**Brief**. Word for word, retype the lines from the one containing "For Honda Odyssey" to the one containing "Two of the yacht's" below, keeping both end lines and dropping the pictures.

(Records excerpted from a collection)
■ ■ ■
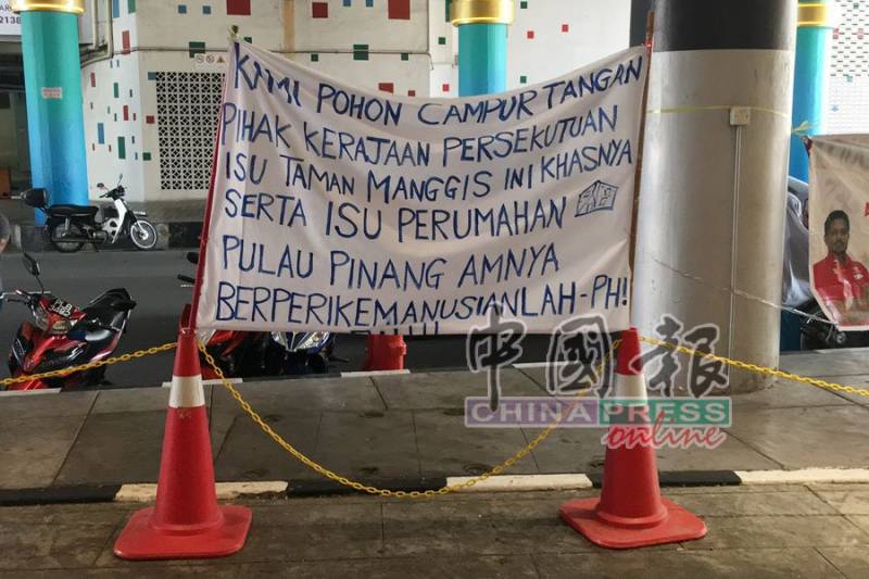 山竹园租户在光大底楼挂横幅,要求中央政府插手协助。
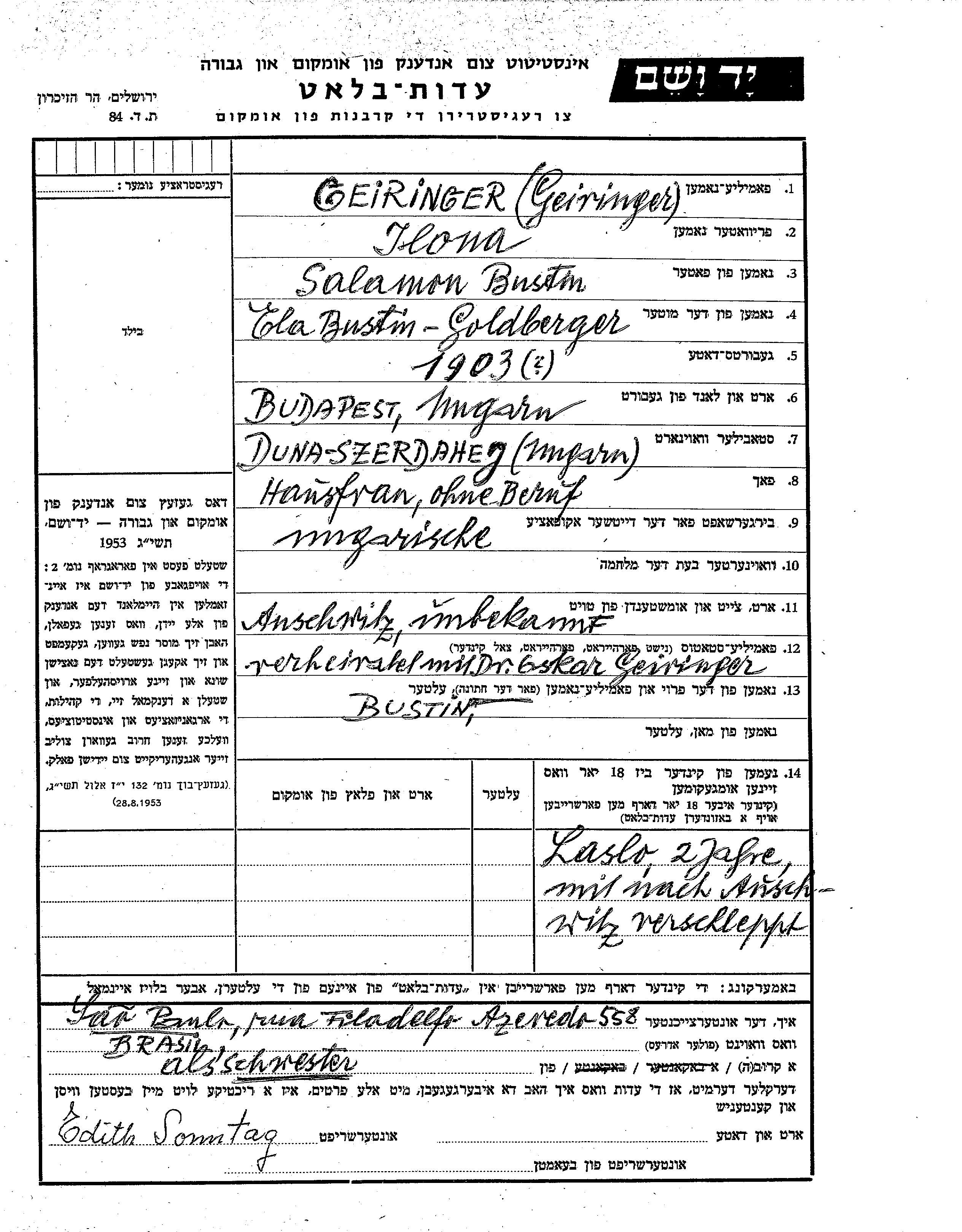 Geiringer Laslo Duna Serdhei, Tchécoslovaquie Feuille de témoignage
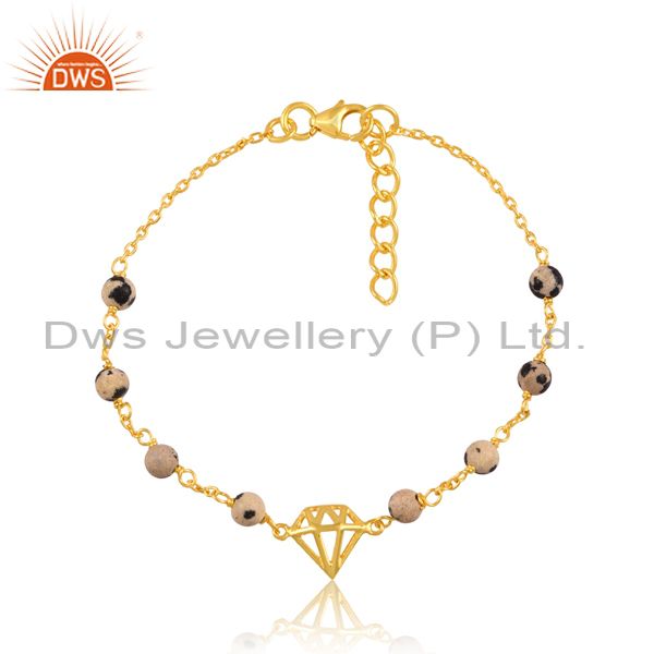 18K Gold Plated Dalmatian Jasper Studded Premium Bracelet
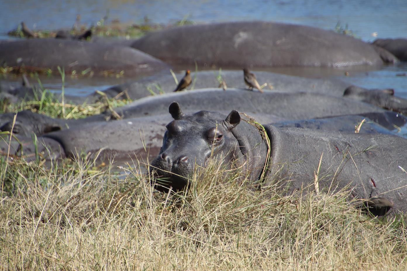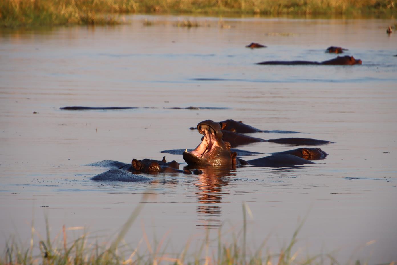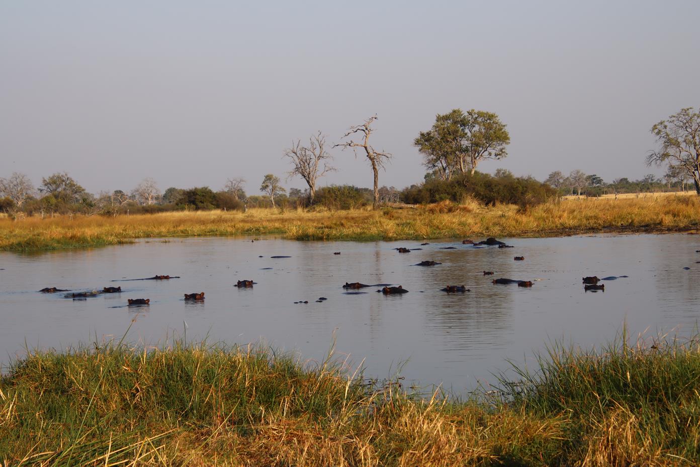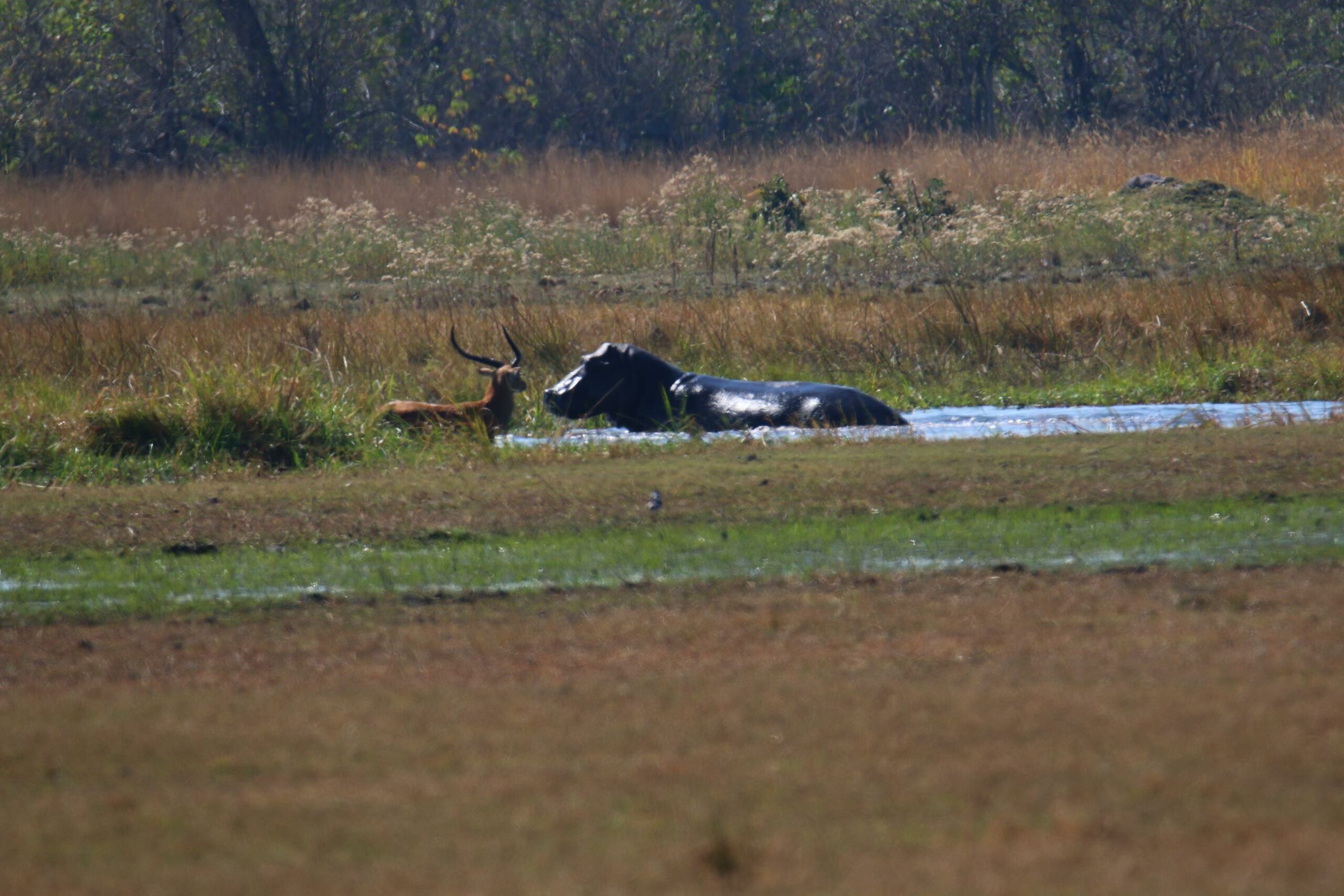 Départ du camp vers Maun en traversant Moremi. L’hippo vient une nouvelle fois nous saluer avant de partir.
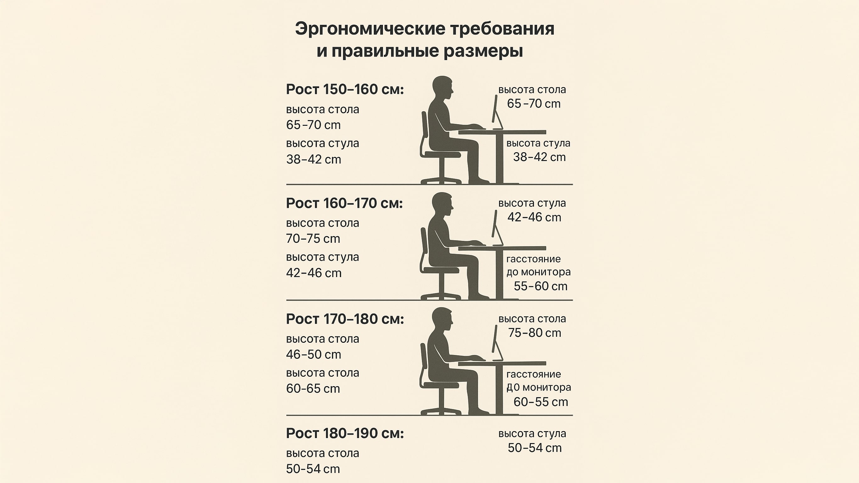 - Рост 160-170 см: высота стола 70-75 см, высота стула 42-46 см, расстояние до монитора 55-60 см
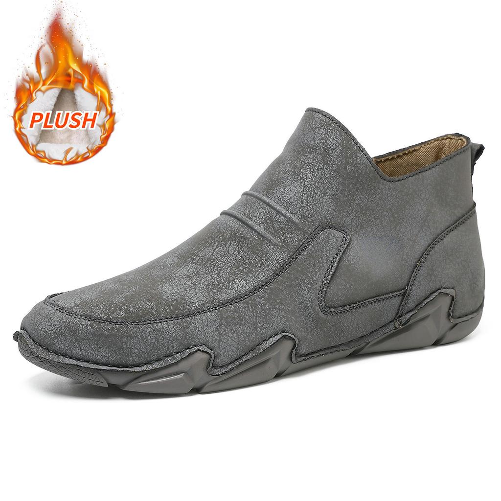 Мужская кожаная повседневная обувь весна осень мужские туфли для отдыха на плоской подошве для скейтбординга модные зимние плюшевые теплые ботинки
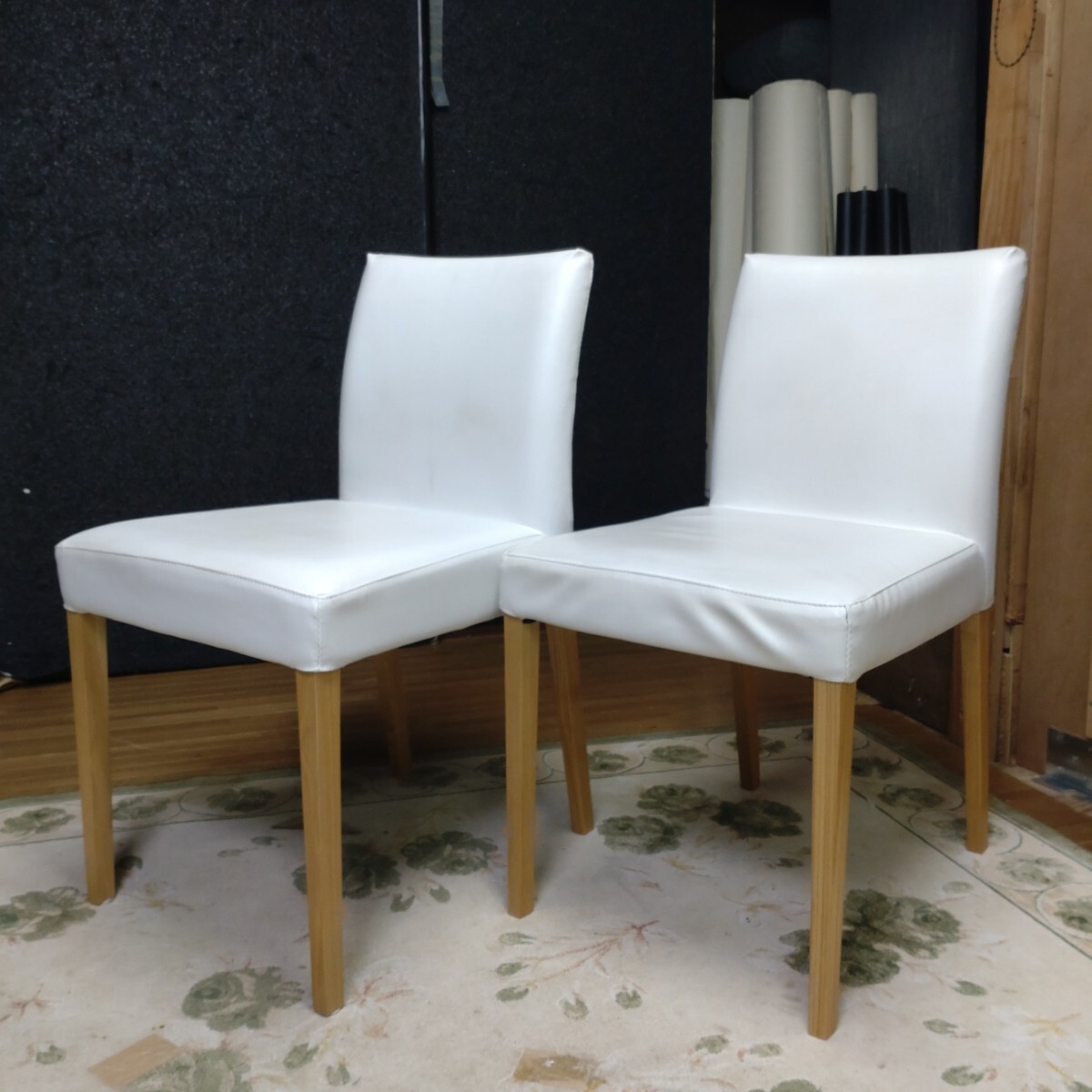 - 【店頭渡し推奨】 ダイニングチェア ホワイト ビニールレザー 木製フレーム 椅子 中古 現状渡し
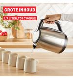 Met een inhoud van 1,7 liter biedt deze waterkoker genoeg capaciteit voor meerdere koppen, perfect voor zowel individuele momenten als sociale bijeenkomsten. Vaarwel lange wachttijden en gedoe, met de Tefal KO5S0D waterkoker heeft u binnen enkele minuten heerlijk warm water tot uw beschikking. Met dit apparaat haalt u niet alleen een hoogwaardig keukenproduct in huis, maar ook een stijlvolle toevoeging die het koken en bereiden van uw favoriete drankjes naar een hoger niveau tilt.
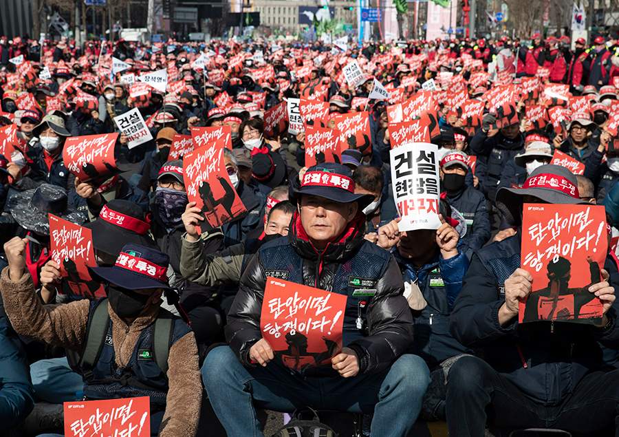 БНСУ-ын Сөүл хотноо барилгын ажилчдын Үйлдвэрчний эвлэлээс Засгийн газрын эсрэг жагсаал зохион байгууллаа.
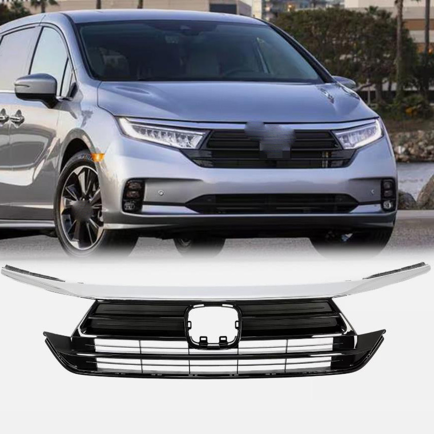 For Honda Odyssey 2021-2023 Front Upper ABS Black Grille Grill Chrome Molding
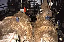Two of the yacht's Brown-Curtis steam turbines in 2001, when she was in Liverpool
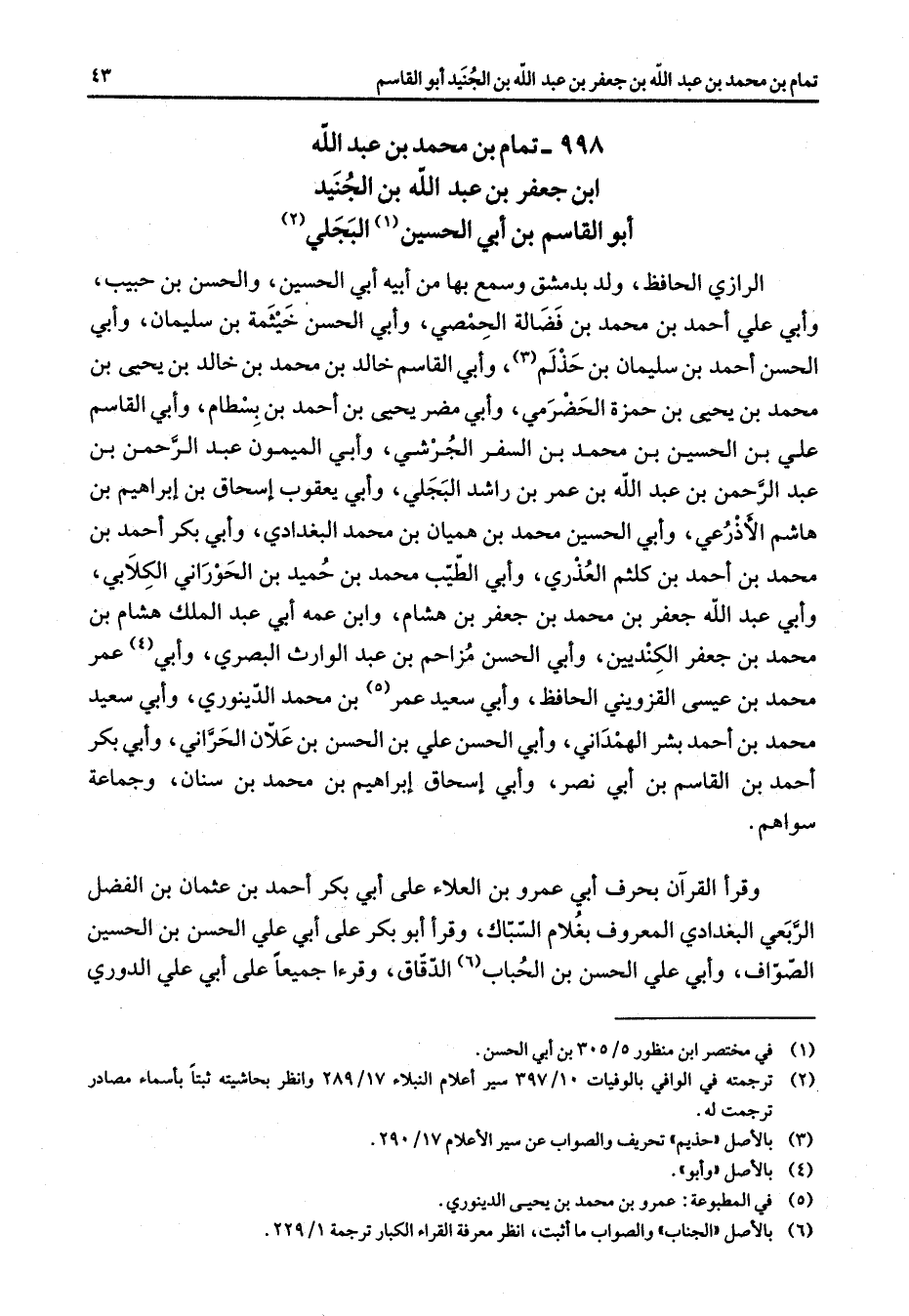 998 - تمام بن محمد بن عبد الله ابن جعفر بن عبد الله بن الجنيد أبو القاسم بن أبي الحسين (1) البجلي (2) الرازي الحافظ ولد بدمشق وسمع بها من أبيه أبي الحسين والحسن بن حبيب وأبي علي أحمد بن محمد بن فضالة الحمصي وأبي الحسن خيثمة بن سليمان وأبي الحسن أحمد بن سليمان بن حذلم (3) وأبي القاسم خالد بن محمد بن خالد بن يحيى بن محمد بن يحيى بن حمزة الحضرمي وأبي مضر يحيى بن أحمد بن بسطام وأبي القاسم علي بن الحسين بن محمد بن السفر الجرشي وأبي الميمون عبد الرحمن بن عبد الرحمن بن عبد الله بن عمر بن راشد البجلي وأبي يعقوب إسحاق بن إبراهيم بن هاشم الأذرعي وأبي الحسين محمد بن هميان بن محمد البغدادي وأبي بكر أحمد بن محمد بن أحمد بن كلثم العذري وأبي الطيب محمد بن حميد بن الحوراني الكلابي وأبي عبد الله جعفر بن محمد بن جعفر بن هشام وابن عمه أبي عبد الملك هشام بن محمد جعفر الكنديين وأبي الحسن مزاحم بن عبد الوارث البصري وأبي (4) عمر محمد بن عيسى القزويني الحافظ وأبي سعيد عمر (5) بن محمد الدينوري وأبي سعيد محمد بن أحمد بشر الهمداني وأبي الحسن علي بن الحسن بن علان الحراني وأبي بكر أحمد بن القاسم بن أبي نصر وأبي إسحاق إبراهيم بن محمد بن سنان وجماعة سواهم وقرأ القرآن بحرف أبي عمرو بن العلاء علي أبي بكر أحمد بن عثمان بن الفضل الربعي البغدادي المعروف بغلام السباك وقرأ أبو بكر على أبي علي الحسن بن الحسين الصواف وأبي علي الحسن بن الحباب (6) الدقاق وقرءا جميعا على أبي علي الدوري
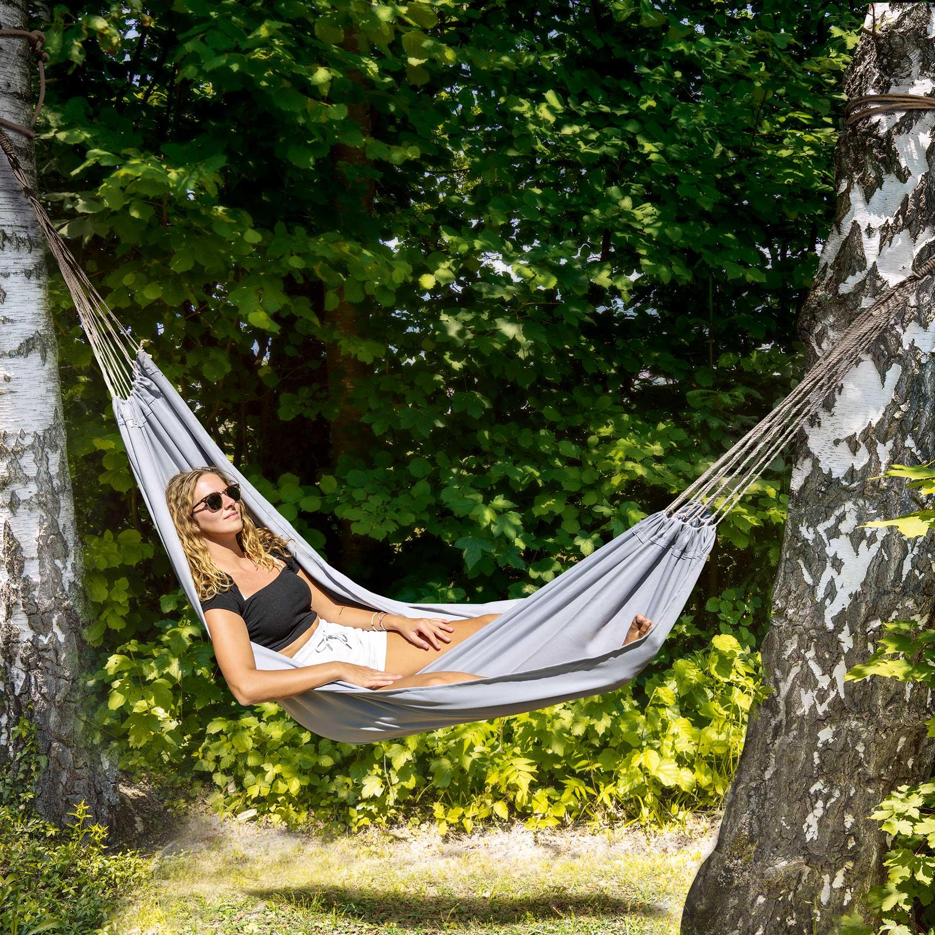 Der Klassiker unter den Hängematten, der auf kleinstem Raum zusammenfaltbar ist, in trendig grauer Farbgebung. Jetzt in der komfortablen Grösse 210 x 130 cm, damit Sie sich rundum wohlfühlen und entspannen können. Aus sehr starkem, witterungsbeständigem 100 % Polyestermaterial mit strapazierfähigen Polyesterschnüren. Sommerwetterbeständig. Belastbarkeit: 140 kg
■ ■ ■
**Result for this exercise**.
 For Honda Odyssey 2021-2023 Front Upper ABS Black Grille Grill Chrome Molding
Two of the yacht's Brown-Curtis steam turbines in 2001, when she was in Liverpool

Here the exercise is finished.